Application de la Loi sur la faillite et l'insolvabilité au crédit d'impôt pour solidarité du Québec

Le 24 septembre 2012

Question

Le Bureau du surintendant des faillites (BSF) a été prié de faire connaître sa position concernant le traitement, sous le régime de la Loi sur la faillite et l'insolvabilité (LFI), du crédit d'impôt pour solidarité du Québec. Depuis 2011, ce crédit d'impôt regroupe trois crédits d'impôt remboursables déjà en place, soit le crédit d'impôt pour la taxe de vente du Québec (TVQ), le remboursement d'impôts fonciers et le crédit d'impôt pour particulier habitant un village nordique. On a demandé au BSF si le crédit d'impôt pour solidarité devait être considéré comme un revenu aux fins du calcul des paiements au titre du revenu excédentaire ou s'il constituait un bien du failli et, par conséquent, un élément d'actif.

Position

Sous réserve de l'interprétation contraire des tribunaux, le BSF est d'avis que le crédit d'impôt pour solidarité du Québec ne peut faire l'objet d'une mesure de saisie. Par conséquent, il doit être remis au failli. Toutefois, puisque le montant versé au titre du crédit d'impôt pour solidarité est considéré comme un trop-perçu d'impôt calculé à partir du revenu du particulier, il est visé par la définition de « revenu total » de l'article 68 de la LFI et doit être comptabilisé dans le calcul du revenu excédentaire.

Contexte

Le crédit d'impôt pour solidarité offre une aide aux ménages à faible ou à moyen revenu pour atténuer les coûts reliés à la TVQ et au logement, tout en reconnaissant que les habitants des villages nordiques doivent supporter un coût de la vie plus élevé qu'ailleurs.

Analyse

Le crédit d'impôt pour solidarité est prévu aux articles 1029.8.116.12 à 1029.8.116.35 de la Loi sur les impôtsNote de bas de page 1 du Québec. L'article 33 de la Loi sur l'administration fiscaleNote de bas de page 2 du Québec prévoit que « toute somme due par l'État à l'égard d'une loi fiscale à titre de remboursement est incessible et insaisissable ». Par conséquent, le crédit d'impôt pour solidarité, conformément à l'alinéa 67(1)b)Note de bas de page 3 de la LFI, n'est pas un bien du failli constituant le patrimoine attribué à ses créanciers.

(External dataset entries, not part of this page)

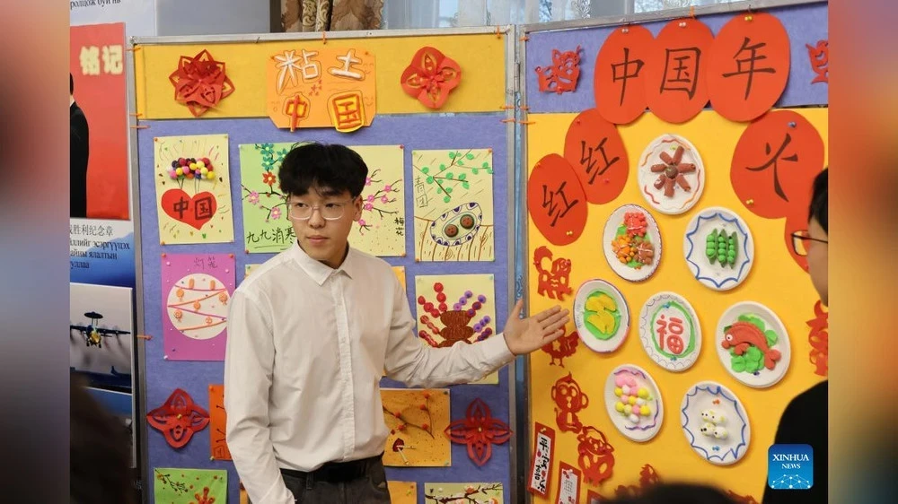 Кроме того, на выставке были представлены творения монгольской молодежи, каждая работа отражала стремление к благополучию и дружбе между Монголией и Китаем.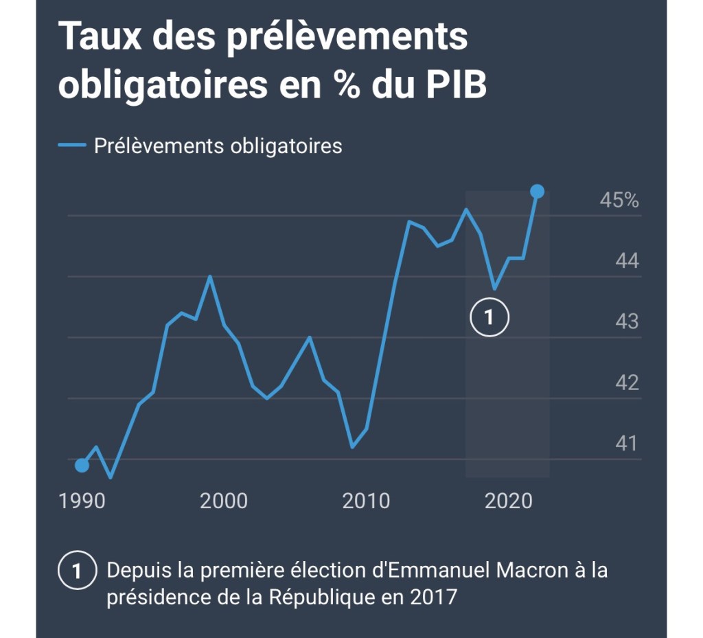 C’est ce que souligne le site Fipeco : si les prélèvements obligatoires ont d’abord diminué au début du premier quinquennat d’Emmanuel Macron, notamment entre 2017 et 2019, ils sont repartis à la hausse depuis 2020. Jusqu’à atteindre un niveau record en 2022, représentant 45,4% du produit intérieur brut (PIB). VOIR LA NOTE 2. CI CONTRE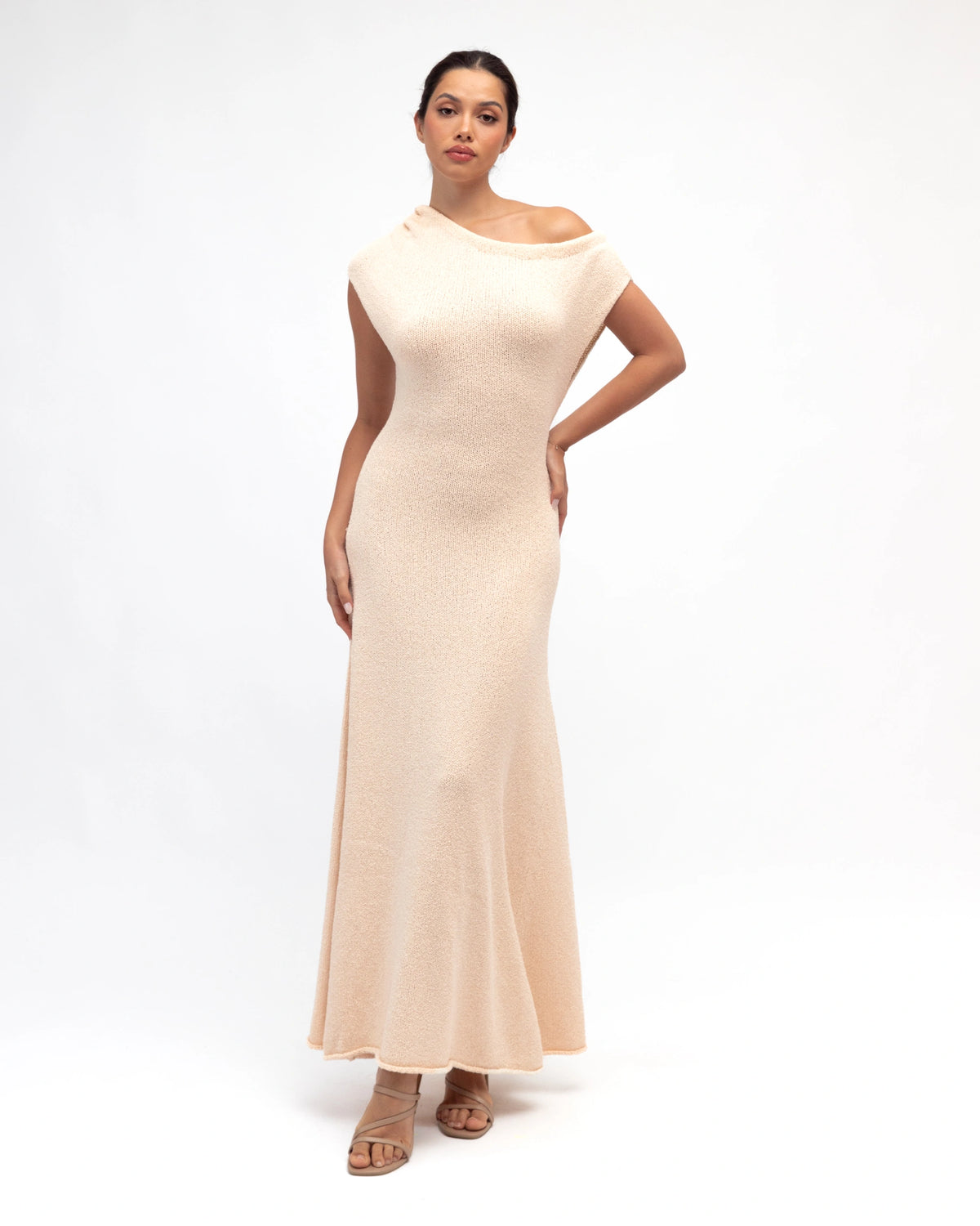 ∙ TF11011 ∙ Viscose ∙ XS:S:M:L=1:2:2:2 ∙ Asymmetrical neckline ∙ Off shoulder design ∙ Sleeveless ∙ Roll detail on hem ∙ Maxi length ∙ Slim fit ∙ Our model is wearing size S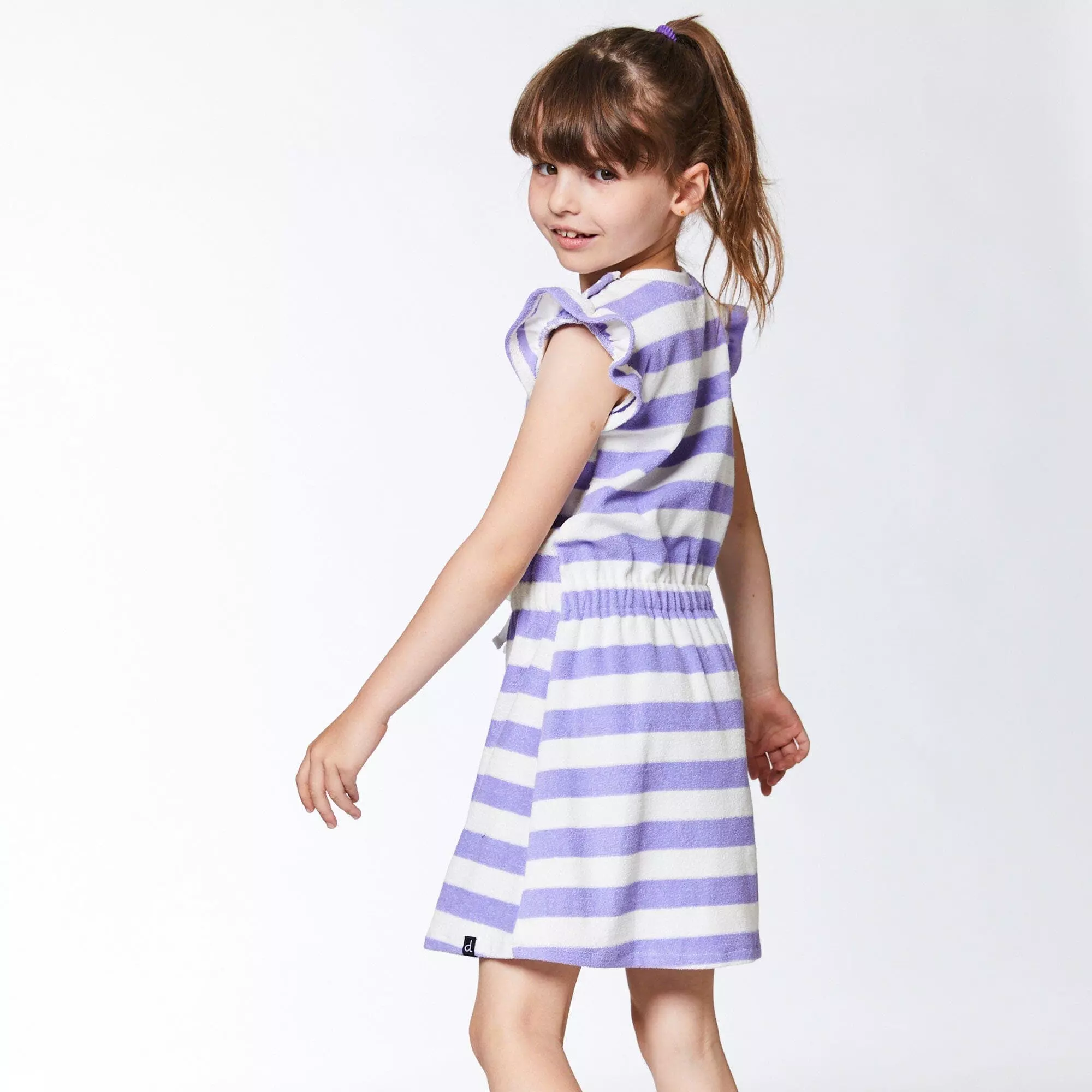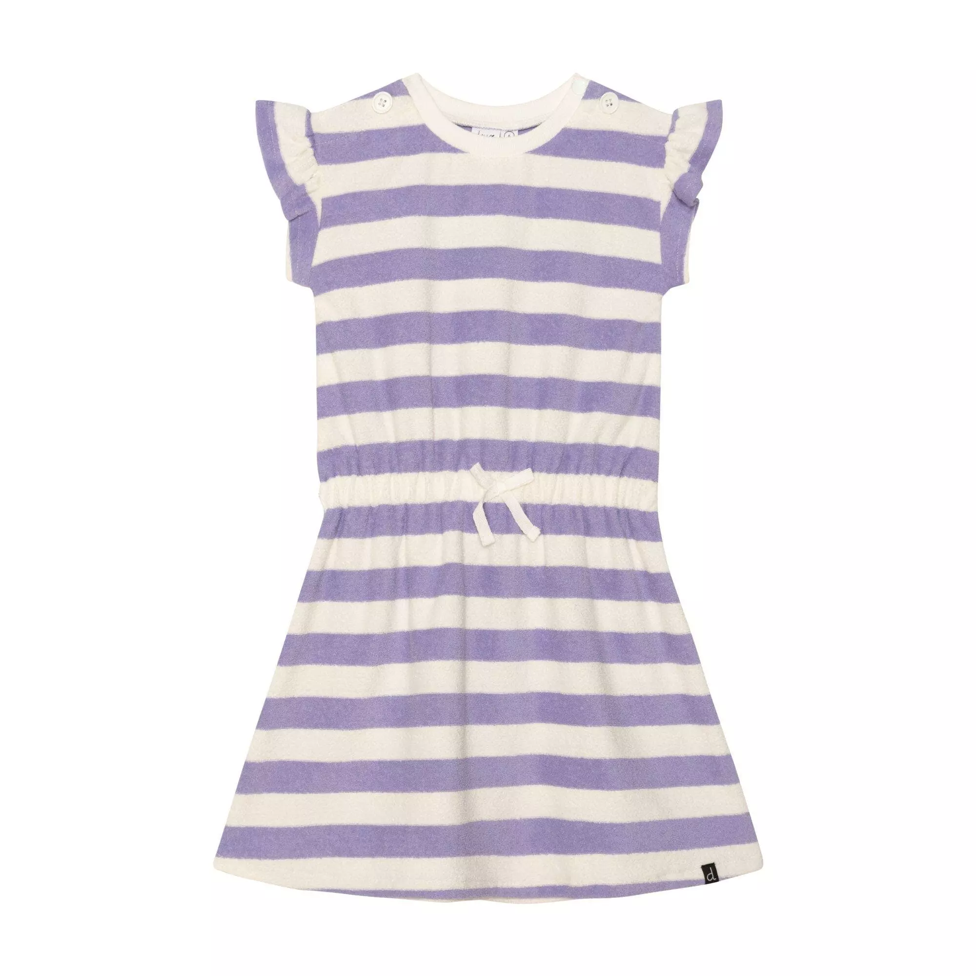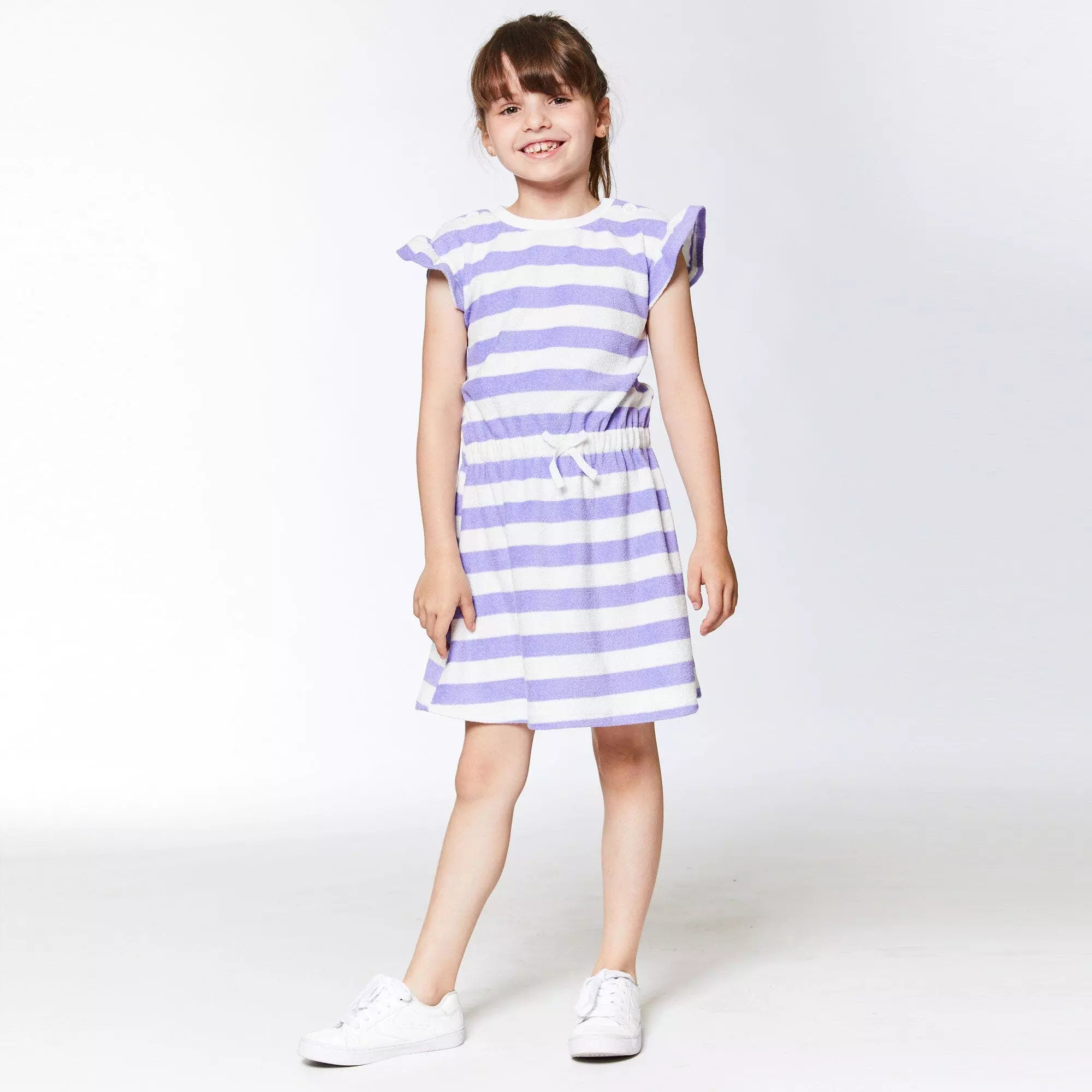 With flutter sleeves and a flared skirt, this terry cloth dress is a perfect choice for any casual spring or summer occasion. The Striped Short Sleeve Dress Violet and White features allover horizontal stripes in a sporty silhouette with a drawstring elastic waistband, a round neckline, and short sleeves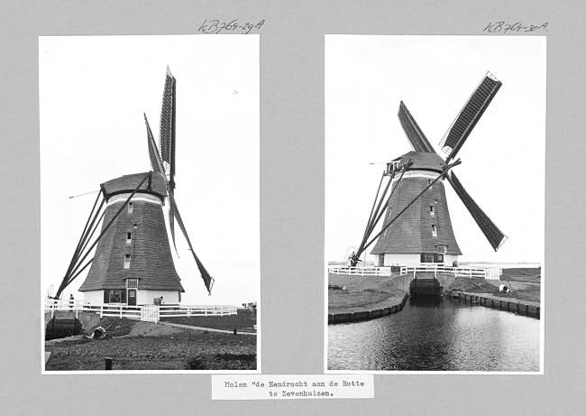 Poldermolen aan de Rottekade 1 en de Rotte. Deze boezemmolen uit 1727 maalde tot 1927 het teveel aan water uit de Eendrachtspolder. Nu ververst de molen het water van de Rotte.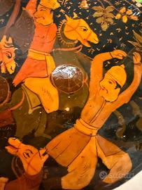 Aprire questa scatola è come sollevare il sipario su una danza che non si è mai fermata. Sotto la lacca scura, figure leggere continuano a muoversi: uomini con turbanti, cavalli stilizzati, braccia alzate in un gesto che sembra rituale, quasi musicale. È una scena viva, ritmata, sospesa nel tempo, dipinta a mano su papier-mâché secondo la tradizione del Kashmir. Questa piccola scatola ovale nasce a Srinagar, e lo racconta senza bisogno di parole: nei colori caldi, nei fondi punteggiati d’oro, nell’equilibrio tra movimento e silenzio. Era pensata per contenere oggetti personali, gioielli o monete, ma oggi custodisce soprattutto un immaginario lontano, arrivato fino a noi attraverso le rotte dell’artigianato d’esportazione. Sul fondo, una vecchia etichetta originale ci restituisce un nome e un luogo precisi: B. Dar & Co., Rainawari, Srinagar – India. Non una firma artistica, ma una traccia autentica di bottega, di mani che hanno lavorato per raccontare storie a chi stava dall’altra parte del mondo. Una famiglia di bottegai che fu attiva circa dal 1850 al 1950. Una scatola piccola, sì. Ma dentro, c’è un intero racconto che aspetta solo di essere riaperto.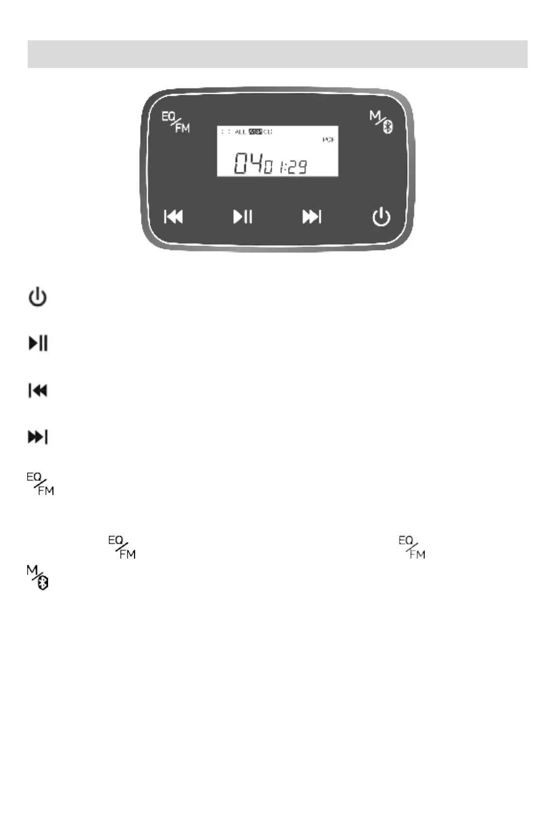 播放状态,短按跳至:单曲循环播放;ALL 全部循环播放;DIR 曲目区选择播放;INTRO 浏览播放;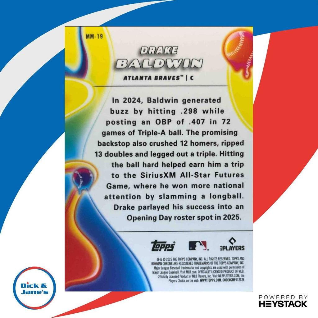 The 2025 Bowman Chrome Drake Baldwin Melt Mashers #MM-19 RC Atlanta Braves trading card is a must-have for any MLB collector. Featuring the rookie card of the talented Drake Baldwin, this card showcases his skills as a member of the Atlanta Braves. Don't miss out on adding this rare and valuable card to your collection! Listed With Mascot.

Toutefois, selon l'article 1029.8.116.16 de la Loi sur les impôtsNote de bas de page 4 du Québec, le montant versé au titre du crédit d'impôt pour solidarité est réputé un montant payé en trop de l'impôt à payer par un particulier pour une année d'imposition. Comme l'impôt à payer ne peut être calculé qu'à partir des revenus générés par le particulier durant l'année d'imposition et que le remboursement versé au titre du crédit d'impôt pour solidarité constitue un paiement en trop au titre de l'impôt sur le revenu du particulier, le montant ainsi versé conserve sa nature de revenu. Le paragraphe 68(2) de la LFI prévoit que les revenus de toute nature du failli (qu'ils soient insaisissables ou non) sont visés par la définition de « revenu total ». Par conséquent, même si le failli a le droit de conserver le crédit d'impôt pour solidarité, celui-ci doit être comptabilisé par le syndic dans le calcul du revenu excédentaire en vertu de l'article 68 de la LFI.